Are AI Deepnude Sites Safe & Legit?

First and foremost – yes, there are quite a lot of online AI deepnude services that are totally real, and you will in fact get the undressed photo in return. Availability of open-source AI models allow quite a few entrepreneurs to get into such activities, so you can see quite literally dozens of them around.

AI deepnude website example
Example of an AI deepnude website

Yet not all the websites are safe and will do what is promised. There are enough con actors who see the rush towards AI undressing services and try to get their bite without offering any actual services, or by tricking users into shady activities. Let me walk you through the key risks that you may face trying to use AI deepnude websites.

Privacy risks

One of the main concerns regarding any online AI services, deepnude ones included, is privacy. Photos generated by the AI are kept on the website; there is no real way to enforce their encrypted state, as they appear as a part of the content. Thus, pics of someone you know may soon appear in advertising materials of this, or a different deepnude service – and there is nothing you can do about that. Even if you ask for GDPR user data removal, edited pictures are likely to be stored separately, i.e. they do not belong to user-specific data.

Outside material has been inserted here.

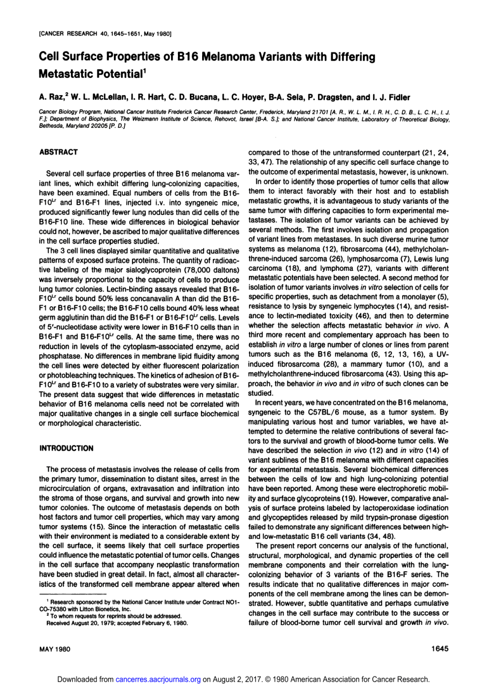 [CANCER RESEARCH 40, 1645-1651, May 1980] Cell Surface Properties of B16 Melanoma Variants with Differing Metastatic Potential1 A. Raz,2 W. L. McLellan, I. R. Hart, C. D. Bucana, L. C. Hoyer, B-A. Sela, P. Dragsten, and I. J. Fidler Cancer Biology Program. National Cancer Institute Frederick Cancer Research Center, Frederick, Maryland 21701 [A. R., W. L. M.. I. R. H., C. D B., L. C. H., l. J. F.]; Department of Biophysics, The Weizmann Institute of Science, Rehovot. Israel ¡B-A. SJ; and National Cancer Institute, Laboratory of Theoretical Biology Bethesda, Maryland 20205 [P. D.] ABSTRACT Several cell surface properties of three B16 melanoma var iant lines, which exhibit differing lung-colonizing capacities, have been examined. Equal numbers of cells from the B16F10Lr and B16-F1 lines, injected i.v. into syngeneic mice, produced significantly fewer lung nodules than did cells of the B16-F10 line. These wide differences in biological behavior could not, however, be ascribed to major qualitative differences in the cell surface properties studied. The 3 cell lines displayed similar quantitative and qualitative patterns of exposed surface proteins. The quantity of radioac tive labeling of the major sialoglycoprotein (78,000 dallons) was inversely proportional to the capacity of cells to produce lung tumor colonies. Lectin-binding assays revealed that B16F10Lr cells bound 50% less concanavalin A than did the B16F1 or B16-F10 cells; the B16-F10 cells bound 40% less wheat germ agglutinin than did the B16-F1 or B16-F10Lr cells. Levels of 5'-nucleotidase activity were lower in B16-F10 cells than in B16-F1 and B16-F10Lr cells. At the same time, there was no reduction in levels of the cytoplasm-associated enzyme, acid phosphatase. No differences in membrane lipid fluidity among the cell lines were detected by either fluorescent polarization or photobleaching techniques. The kinetics of adhesion of B16F10Lr and B16-F10 to a variety of substrates were very similar. The present data suggest that wide differences in metastatic behavior of B16 melanoma cells need not be correlated with major qualitative changes in a single cell surface biochemical or morphological characteristic. INTRODUCTION The process of metastasis involves the release of cells from the primary tumor, dissemination to distant sites, arrest in the microcirculation of organs, extravasation and infiltration into the stroma of those organs, and survival and growth into new tumor colonies. The outcome of metastasis depends on both host factors and tumor cell properties, which may vary among tumor systems (15). Since the interaction of metastatic cells with their environment is mediated to a considerable extent by the cell surface, it seems likely that cell surface properties could influence the metastatic potential of tumor cells. Changes in the cell surface that accompany neoplastic transformation have been studied in great detail. In fact, almost all character istics of the transformed cell membrane appear altered when 1 Research sponsored by the National Cancer Institute under Contract NO1CO-75380 with Litton Bionetics, Inc. 2 To whom requests for reprints should be addressed. Received August 20, 1979; accepted February 6, 1980. compared to those of the untransformed counterpart (21, 24, 33, 47). The relationship of any specific cell surface change to the outcome of experimental metastasis, however, is unknown. In order to identify those properties of tumor cells that allow them to interact favorably with their host and to establish metastatic growths, it is advantageous to study variants of the same tumor with differing capacities to form experimental mé tastases. The isolation of tumor variants can be achieved by several methods. The first involves isolation and propagation of variant lines from métastases.In such diverse murine tumor systems as melanoma (12), fibrosarcoma (44), methylcholanthrene-induced sarcoma (26), lymphosarcoma (7), Lewis lung carcinoma (18), and lymphoma (27), variants with different metastatic potentials have been selected. A second method for isolation of tumor variants involves in vitro selection of cells for specific properties, such as detachment from a monolayer (5), resistance to lysis by syngeneic lymphocytes (14), and resist ance to lectin-mediated toxicity (46), and then to determine whether the selection affects metastatic behavior in vivo. A third more recent and complementary approach has been to establish in vitro a large number of clones or lines from parent tumors such as the B16 melanoma (6, 12, 13, 16), a UVinduced fibrosarcoma (28), a mammary tumor (10), and a methylcholanthrene-induced fibrosarcoma (43). Using this ap proach, the behavior in vivo and in vitro of such clones can be studied. In recent years, we have concentrated on the B16 melanoma, syngeneic to the C57BL/6 mouse, as a tumor system. By manipulating various host and tumor variables, we have at tempted to determine the relative contributions of several fac tors to the survival and growth of blood-borne tumor cells. We have described the selection in vivo (12) and in vitro (14) of variant sublines of the B16 melanoma with different capacities for experimental metastasis. Several biochemical differences between the cells of low and high lung-colonizing potential have been reported. Among these were electrophoretic mobil ity and surface glycoproteins (19). However, comparative anal ysis of surface proteins labeled by lactoperoxidase iodination and glycopeptides released by mild trypsin-pronase digestion failed to demonstrate any significant differences between highl and low-metastatic B16 cell variants (34, 48). The present report concerns our analysis of the functional, structural, morphological, and dynamic properties of the cell membrane components and their correlation with the lungcolonizing behavior of 3 variants of the B16-F series. The results indicate that no qualitative differences in major com ponents of the cell membr

AI deepnude sites data risks

A question that touches all sites that operate in such a spicy industry is data security. You upload the pictures of someone you know, share your email address, nickname and, in certain cases, even location. The data of one user is not a big deal, but data of thousands of people makes much more impact and costs a lot on shady marketplaces.

Not all AI undressing websites sell data, but it is particularly hard to control whether they are going to. The general rule of thumb is to use a burner email and expose as little real data about yourself as possible. That is particularly needed when we take into account the next problem.

Ethic concerns

One major part of any dealings with someone’s naked photos is ethics. While consensual photos of that matter are not a problem at all, ones created with AI generation are not. You can face a significant backlash or even have legal problems for generating such images and sharing them publicly. Even if one has generated the picture for themself, it may get leaked to the public due to the way the service operates.

Another ethical aspect is the possibility of a malicious misuse of deepnude technologies. It is common to see blackmail messages that threaten to publish some compromising graphical materials about the user. While before all these threats had nothing backing them up, nowadays wannabe-hackers may really generate some naked content with the victim and start posting it online. Sure, it will be quite simple to tell it is an AI generated image, but it is hard to miss how unpleasant and dirty the situation is.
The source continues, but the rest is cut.